A Question of Efficiency

by Jay_Lee_Leuis



Category: Star Trek: Voyager
Genre: Gen, a little tiny fixit for the CatsuitTM, pls voyager you Cannot expect us to believe that thing was cutting edge space fashion
Language: English
Status: Completed
Published: 2019-02-10
Updated: 2019-02-10
Packaged: 2019-10-25 17:18:45
Rating: General Audiences
Warnings: No Archive Warnings Apply
Chapters: 1
Words: 956
Publisher: archiveofourown.org
Story URL: https://archiveofourown.org/works/17729462
Author URL: https://archiveofourown.org/users/Jay_Lee_Leuis/pseuds/Jay_Lee_Leuis
Summary: Seven begins adjusting to life outside the Collective.





	A Question of Efficiency

**Author's Note:**

> Seven's catsuit has always been a "yikes" thing about voyager - pretty sure this has been done before/better, but here's my take on trying to make it a little less yikes.
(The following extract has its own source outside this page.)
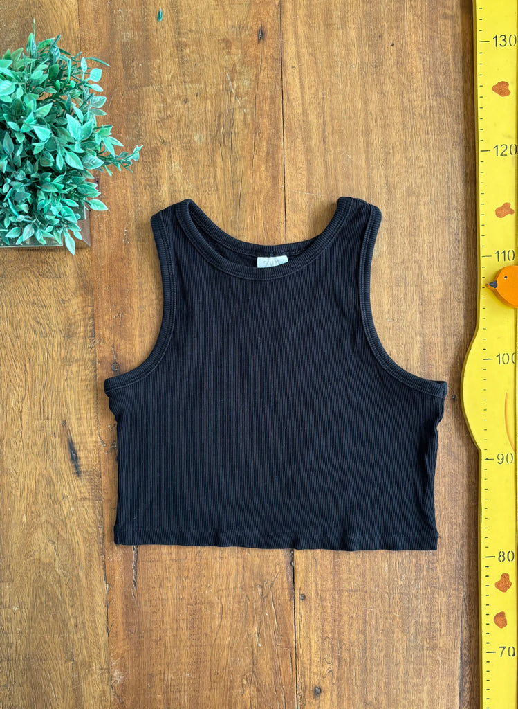 Regata Cropped Infatil Zara com Nervuras Preto TAM 9 - 10 Anos 140cm

Seven of Nine was no longer borg. She was separated from the hive, alone. Her human body had rejected her cybernetic enhancements. She had _hair._ And yet, for some reason, the issue of _clothing_ had become a sticking point with Voyager’s emergency medical hologram. 

“Why don’t we try a uniform on for size?” he said. One of many suggestions that had been no such thing. “Here. It goes on like this.” He briefly demonstrated how to slide the garment over one’s legs and arms in a series of convoluted gestures, and handed the piece of fabric to her. “Now you try.”

She stared back at him. “Why?”

He snorted. “You’ll find in human society it’s considered polite to wear clothing.”

“I _am_ wearing clothing.” He had earlier provided her a dermaplastic garment. It was fabric, it covered her body, and therefore it was clothing as humans defined it. 

He quirked an eyebrow at her. “In a sense. Try the uniform. You might like it.”

Seven was unable to parse the relevance of his first or last sentence, but she grasped the clarity of the command. She pulled the top half of the garment on over her head and stepped into the lower half. The fabric rustled and bunched. She took an experimental step forward. the uniform pants constricted around her leg in some places, loosened in others, and rode up uncomfortably. She stopped. “This design is inefficient.”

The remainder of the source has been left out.